Alan Mackworth's Visit

On Thursday, March 3, 2011, Dr. Alan K. Mackworth, a Professor of Computer Science and CRC in Artificial Intelligence at UBC, gave a UofM CS seminar on "Designing constraint-based agents". He served as the founding Director of the UBC Laboratory for Computational Intelligence (LCI). He is a Fellow of AAAI, the Canadian Institute for Advanced Research (CIFAR) and the Royal Society of Canada (RSC). David L. Poole and Alan K. Mackworth co-authored Artificial Intelligence: Foundations of Computational Agents, Cambridge University Press, 2010.

Designing Constraint-Based Agents

by

Dr. Alan K. Mackworth, University of British Columbia

Thursday, March 03, 2011 at 1pm

Abstract: In order to thrive, an agent must satisfy dynamic constraints deriving from four sources: its internal structure, its goals and preferences, its external environment and the coupling between its internal and external worlds. The life of any agent who acts without respecting those constraints will be out of balance. Based on this view of agents, I shall give four perspectives on the theme of designing constraint-based agents. The first is a discussion of the evolution of the concept of constraints in intelligent systems, from static to dynamic constraints. Second, I'll present our theory of constraint-based agent design and a corresponding experiment in robot architecture. Third, I shall sketch our work on the design of two assistive technology prototypes for people with physical and mental disabilities, who are living with significant additional constraints. Finally, our collective failure to recognize and satisfy with various constraints could explain why many of the worlds we live in seem to be so out of kilter. This approach hints at ways to restore the balance. Some of the work discussed is joint with Jim Little, Alex Mihailidis, Pinar Muyan-Ozcelik, Robert St-Aubin, Pooja Viswanathan, Suling Yang, and Ying Zhang.

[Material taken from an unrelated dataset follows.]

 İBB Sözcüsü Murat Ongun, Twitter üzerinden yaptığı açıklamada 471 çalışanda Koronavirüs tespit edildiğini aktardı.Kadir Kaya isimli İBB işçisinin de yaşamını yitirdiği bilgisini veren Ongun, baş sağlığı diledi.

Biography: Alan Mackworth is a Professor of Computer Science and Canada Research Chair in Artificial Intelligence at the University of British Columbia. He was educated at Toronto (B.A.Sc.), Harvard (A.M.) and Sussex (D.Phil.). He works on constraint-based artificial intelligence with applications in vision, robotics, situated agents, assistive technology and sustainability. He is known for his work in constraint satisfaction, robot soccer, hybrid systems and constraint-based agents. He has authored over 100 papers and co-authored two books: Computational Intelligence: A Logical Approach (1998) and Artificial Intelligence: Foundations of Computational Agents (2010). He served as the founding Director of the UBC Laboratory for Computational Intelligence. He is a Fellow of AAAI, the Canadian Institute for Advanced Research and the Royal Society of Canada.